• **Requirement**
Repeat the records below exactly from the line containing "Upoznajte Swanson –" to the line containing "Соединяем горчицу и", taking in both of those lines. Drop the pictures.
━━━━━ Source data ━━━━━
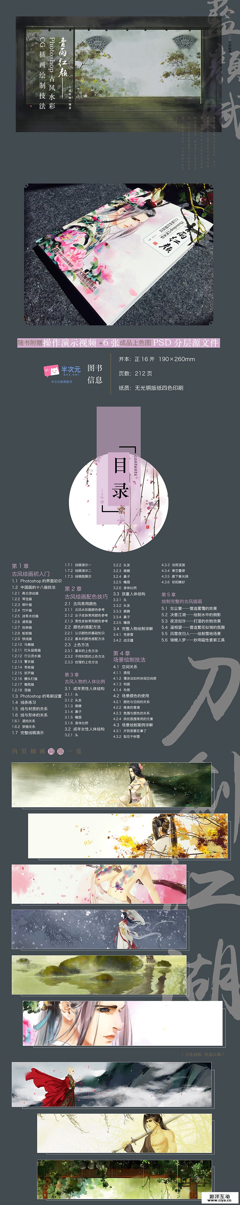本书共分为5章,第1章带领读者学习了Photoshop的软件基础知识;第2章详细讲解了古风插画的用线知识;第3章展示了多种材质和画面的上色方法。由于场景和人物是画面构成必不可缺的两个要素,因此也是本书的重点;第4~5章使用理论结合案例的方法,带领读者学习了人物和场景的绘制过程。作者将自己的绘画经验倾囊相授,意图让读者在绘画时学会思考,总结出自己的独到画法。释放自己的情绪,去感悟画中那人、那景给世人展示的故事。本书适合绘画爱好者、数字绘画初学者阅读和使用。
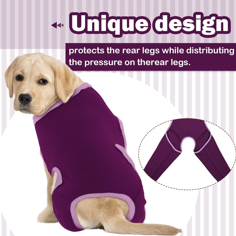 - COMPREHENSIVE PROTECTION Our suit has been expertly designed to prevent your dog from licking leg wounds, surgical incisions, or post-operative areas. For some dogs, both knees are repaired at the same time - our suit provides protection for both hind legs.
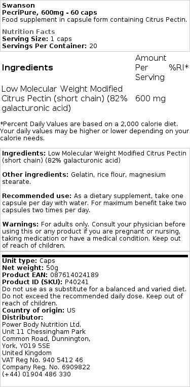 Upoznajte Swanson – PectiPure, 600mg – 60 kapsula
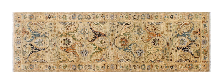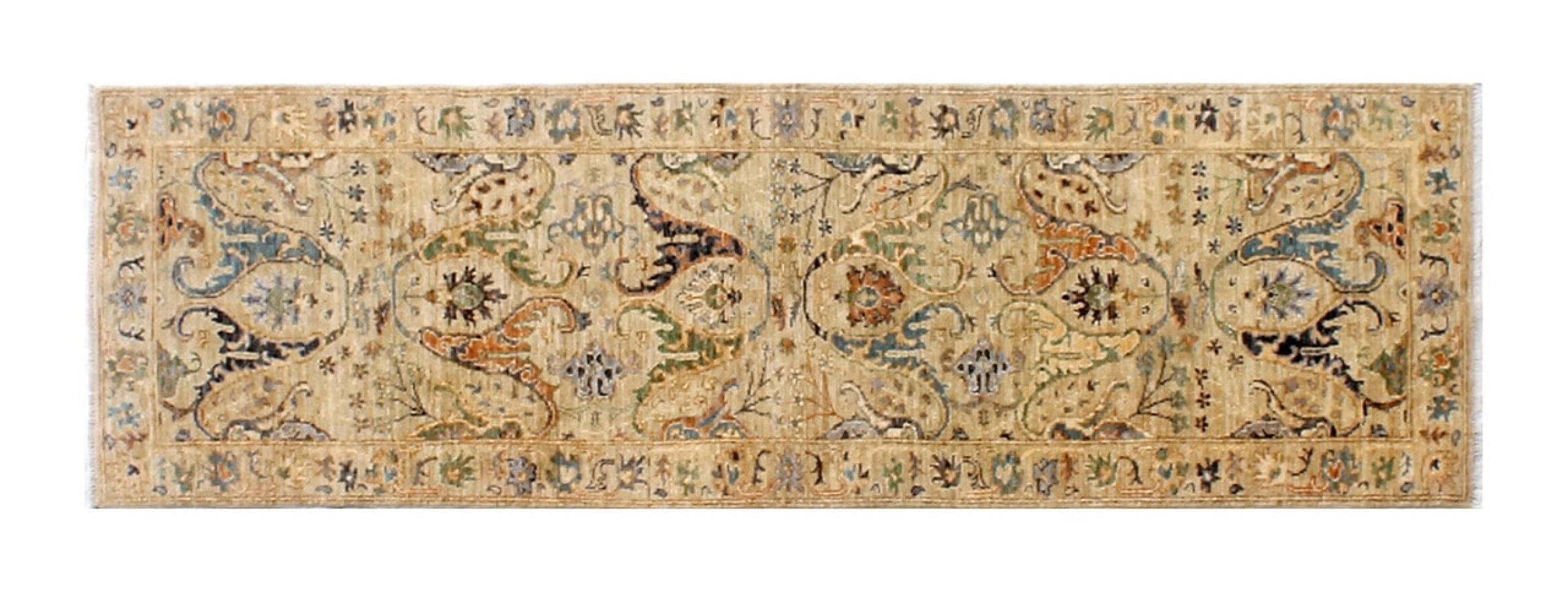 Carpet ID: 283339009842879 Size: 289x85 cm Thickness: ap. 6 mm Knot density: 120 000 - 150 000 / m² Manufacturing: Knotted by hand Pile: Handspun wool Warp: Cotton Origin: Afghanistan Age: New Weight: ap. 9 kg Also know as Ushak, Oushak In stock: Unique - Only 1 in stock
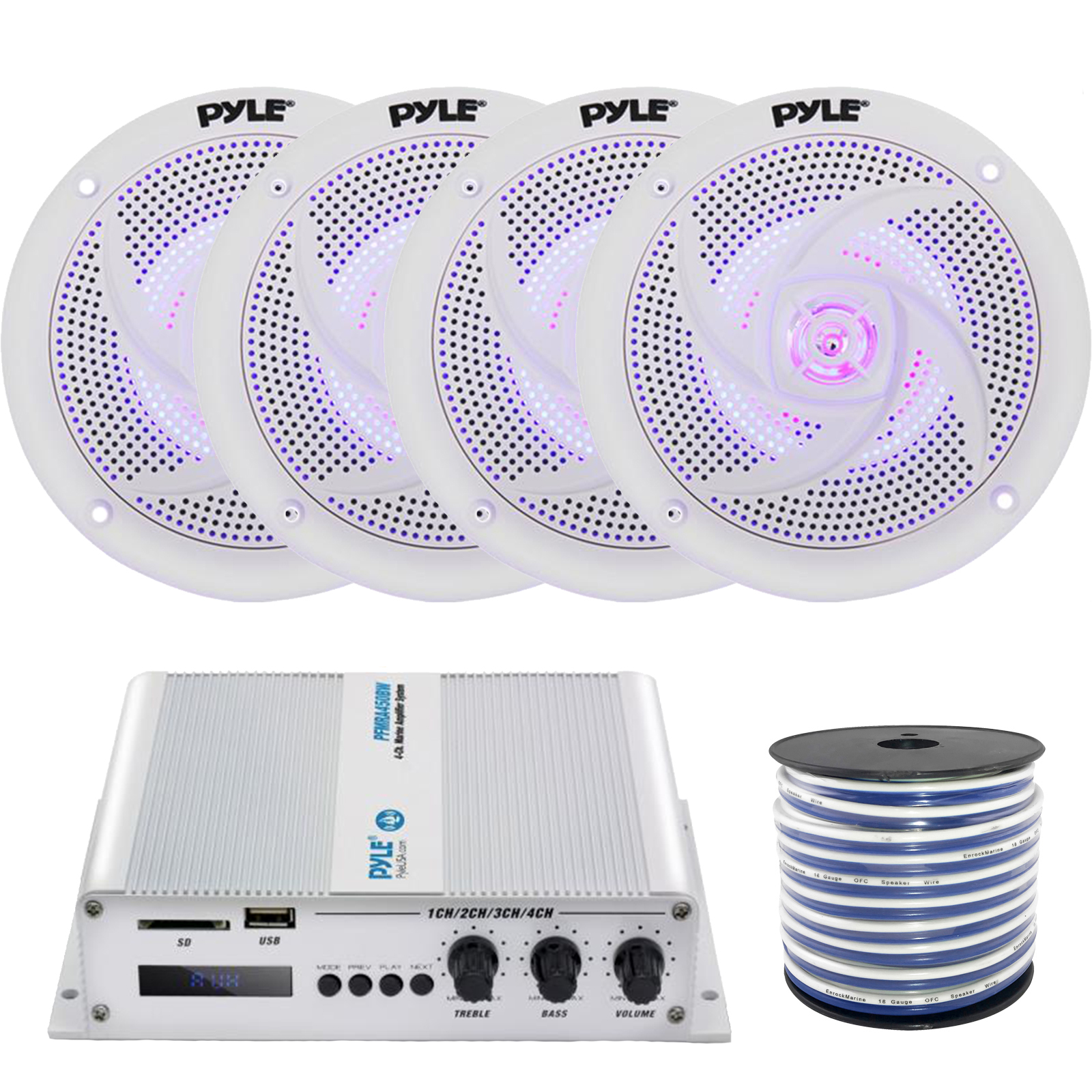 4 x Pyle 5.25" 2-Way Marine 180W Audio Stereo LED Speakers, Pyle 4-Channel Bridgeable Compact Boat Yacht Waterproof 400W RMS Amplifier, Enrock Marine-Grade 18-Gauge Speaker Wire
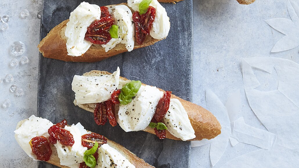 - Ciabatty nakrájíme na plátky, poklademe je na kousky natrhanou nebo nakrájenou mozzarellou a doplníme naloženými rajčaty. Nakonec vše osolíme a opepříme a dozdobíme lístky bazalky.
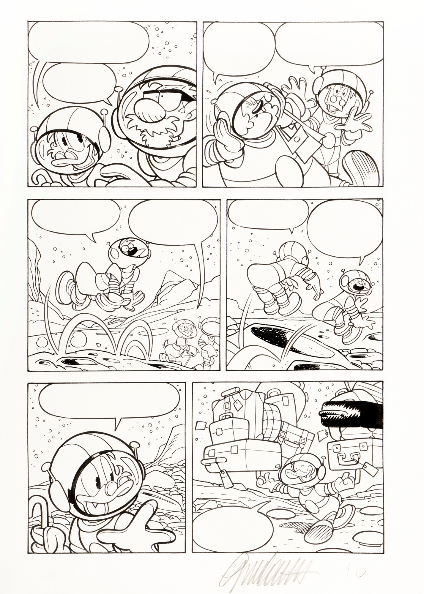 Tavola originale realizzata da Cavazzano per "Zio Paperone e i dieci piccoli miliardari", edita su Topolino n. 2984 a pag. 10 nel Febbraio 2013. Firmata.
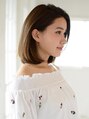 手触りも見た目もやわらかなストレートミディアム。毛先が自然に内に入るようにカットし、重めだけど風にゆれると表情を変える、可愛らしいシルエットに。カラーはツヤのあるベージュ系で透明感を出して
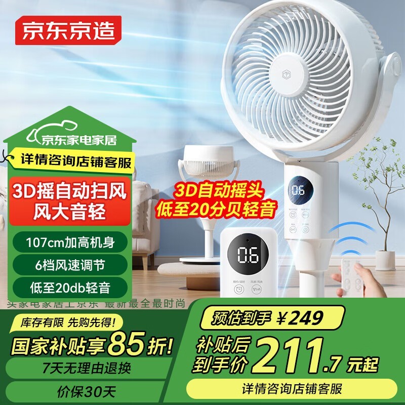 京东京造3D自动摇头空气循环扇促销中
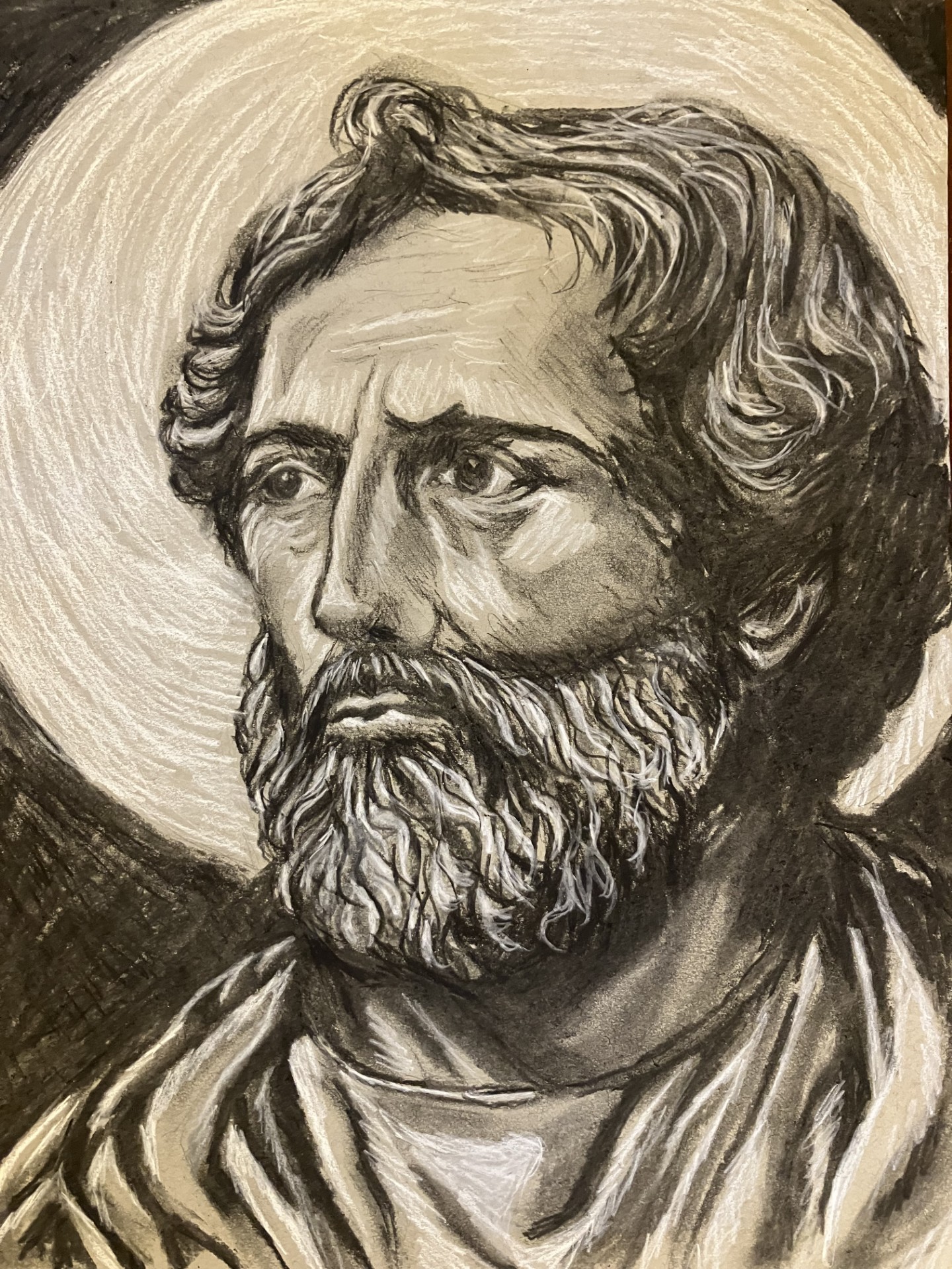 We will then choose a child of God, someone whose faith we look up to in our life or in the Bible, whose portrait we want to see in black and white charcoal. I did a portrait of my husband, Dennis Allen, a beautiful man of God I admire for many reasons. I also did one of St. Peter as I have always been fascinated by his faith and his letters in the New Testament. Both of these drawings were prayerful to meditations, as your drawing also will be to you.
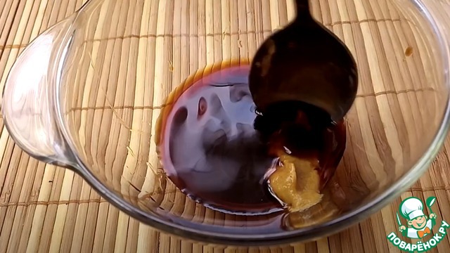 Соединяем горчицу и соевый соус, убираем в сторону.
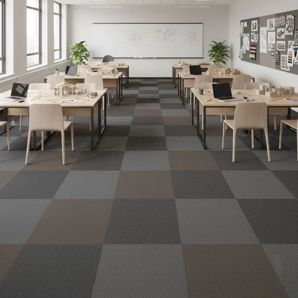 - Cât timp rezistă mochetea dale la traficul intens dintr-un birou cu peste 100 de angajați? Datorită clasificării EN 1307 clasa 33 pentru utilizare comercială intensivă și construcției din nailon solution dyed, această mochetă este concepută să reziste minimum 10-15 ani în condiții de trafic comercial intens, menținându-și aspectul și funcționalitatea chiar și în zonele cele mai solicitate.
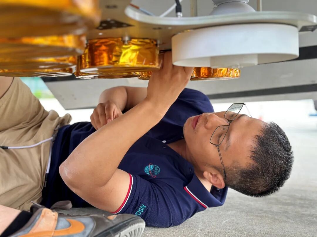 % H9 {, W2 P, {4 c" D2 z 7月6日,综合孔径辐射计校飞载荷抵达烟台,在黄东海光学遥感海上检验场的海上平台进行海面观测测试。在航空校飞试验中,2架飞机将在不同高度,前后依次排列飞行(一前一后,一高一低),绕飞黄东海光学遥感海上检验场海域进行观测。在另一处试验海域——莱州湾,试验团队采用5艘试验船作为海上观测平台,分别配备温盐深仪和气象站测量海表温度、海水盐度、海面风速和风向、气温和相对湿度等设备。航空校飞同步观测时,5艘试验船沿海表盐度梯度方向排列,同步测量航空观测海域的海洋环境数据。地面人员根据校飞试验搭载的机载系统参数以及飞行姿态参数等,搭建适用于盐度星校飞样机的全链路仿真,完成从海面场景参数到机载系统测量模拟,最后到海面参数反演的全链路仿真。 G% P' h% w$ U _7 Z- ^
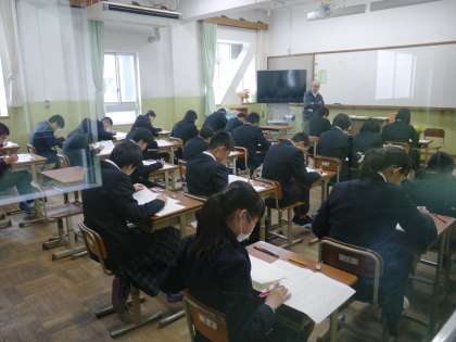 本日1限から,3年生は全国学力・学習状況調査に取り組んでいます。今年度は,国語・数学に加え,理科の調査も行われます。3年生のみなさん,最後まで全力で頑張ってください!
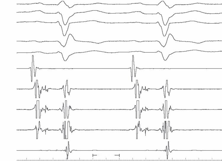 Fig. 2-2 shows normal intracardiac intervals (AH, HV); there is no evidence of preexcitation on intracardiac recordings. Normal progression of atrial activation is seen from right atrium to His to coronary sinus proximal to distal.
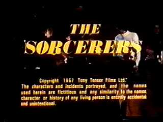 disappoint. The Who Cares StuffNotes on the Cast and CrewMichael Reeves (director, writer, producer) got his break into professional filmmaking by being a best boy for Don Siegel. After that learning experience, he took over second unit direction and some writing chores on the remarkably surreal Il Castello dei Morti Vivi [The Castle of the Living Dead] (1964). After making the disappointing La Sorella di Satana (1966, a.k.a. Sister of Satan, Revenge of the Blood Beast, and The She-Beast), he returned to England and made The Sorcerers with mostly his own financial backing. After The Sorcerers, Reeves made the well crafted and deeply depressing Mathew Hopkins: Witchfinder General (1968, a.k.a. Conqueror Worm). And that was that. He died from a drug overdose the following year. Could it be that the deeply focused loner named Michael Reeves wrote himself into The Sorcerers as the deeply focused loner named Michael Roscoe? You decide. Boris Karloff (Dr. Monserrat) needs no introduction here, and a thumbnail description would not do him justice. He was at the end of a long, popular career, such that he could even parody his gentle boogeyman image in things like Targets (1968). (Nitpicker's Note: Other sources spell the character's name as "Montserrat," but his advertisement at the tobacconist's omits that first t.) Catherine Lacey (Estelle) had bit parts in noteworthy movies like The Lady Vanishes (1938) and I Know Where I'm Going (1945). She also got some good parts in good movies, playing Mrs. Waggit in Whisky Galore! (1949, a.k.a. Tight Little Island) and Lady Mounset in The Servant (1963). Ian Ogilvy (Michael) was a longtime friend Reeves and a regular in his movies, culminating that association as the romantic lead in Witchfinder General . Most of his career has been playing photogenic, relatively innocent characters in horrible circumstances, like the man whose wife is raped by a ghost in And Now the Screaming Starts (1973) and the amiable, doomed Drusus in the I, Claudius mini-series (1976). People are most likely to have seen him playing Chagall in Death Becomes Her (1992). Susan George (Audrey) usually played the blonde vixen getting into trouble which she may have caused. In Straw Dogs (1971), her character teases a few local men and is gang raped; in Dirty Mary and Crazy Larry (1974), goes on a car chase odyssey of automobile destruction with Peter Fonda's character when she turns on the charm and he kidnaps her. Oh, yeah, and her character was more than friendly with the help in Mandingo (1975). (Note: We don't describe her character in the plot description for The Sorcerers, but let's just say it's in line with what would become her usual character type.) Alf Joint (Rob) was a stuntman and stunt coordinator/arranger in various features, including Superman (1978) and Return of the Jedi (1983). Paul Ferris (original music) laid down some nice, classy tunes for The Sorcerers, and he also composed a few memorable motifs for The Blood Beast Terror (1967) and The Creeping Flesh (1973). Patrick Curtis (producer) was a child actor within a year of his birth, standing (?) in as the baby of Nick and Nora Charles in Another Thin Man (1939) and baby Beau Wilkes in Gone With the Wind (1939). As he grew up, he continued playing bit parts. In the mid-sixties, he became a producer and made movies with his girlfriend Raquel Welch, like A Swingin' Summer (1965) and Fathom (1967). Tony Tenser (producer) managed the making of various
━━━━━
• **Answer space**
 Upoznajte Swanson – PectiPure, 600mg – 60 kapsula
 Carpet ID: 283339009842879 Size: 289x85 cm Thickness: ap. 6 mm Knot density: 120 000 - 150 000 / m² Manufacturing: Knotted by hand Pile: Handspun wool Warp: Cotton Origin: Afghanistan Age: New Weight: ap. 9 kg Also know as Ushak, Oushak In stock: Unique - Only 1 in stock
 4 x Pyle 5.25" 2-Way Marine 180W Audio Stereo LED Speakers, Pyle 4-Channel Bridgeable Compact Boat Yacht Waterproof 400W RMS Amplifier, Enrock Marine-Grade 18-Gauge Speaker Wire
 - Ciabatty nakrájíme na plátky, poklademe je na kousky natrhanou nebo nakrájenou mozzarellou a doplníme naloženými rajčaty. Nakonec vše osolíme a opepříme a dozdobíme lístky bazalky.
 Tavola originale realizzata da Cavazzano per "Zio Paperone e i dieci piccoli miliardari", edita su Topolino n. 2984 a pag. 10 nel Febbraio 2013. Firmata.
 手触りも見た目もやわらかなストレートミディアム。毛先が自然に内に入るようにカットし、重めだけど風にゆれると表情を変える、可愛らしいシルエットに。カラーはツヤのあるベージュ系で透明感を出して
 京东京造3D自动摇头空气循环扇促销中
 We will then choose a child of God, someone whose faith we look up to in our life or in the Bible, whose portrait we want to see in black and white charcoal. I did a portrait of my husband, Dennis Allen, a beautiful man of God I admire for many reasons. I also did one of St. Peter as I have always been fascinated by his faith and his letters in the New Testament. Both of these drawings were prayerful to meditations, as your drawing also will be to you.
 Соединяем горчицу и соевый соус, убираем в сторону.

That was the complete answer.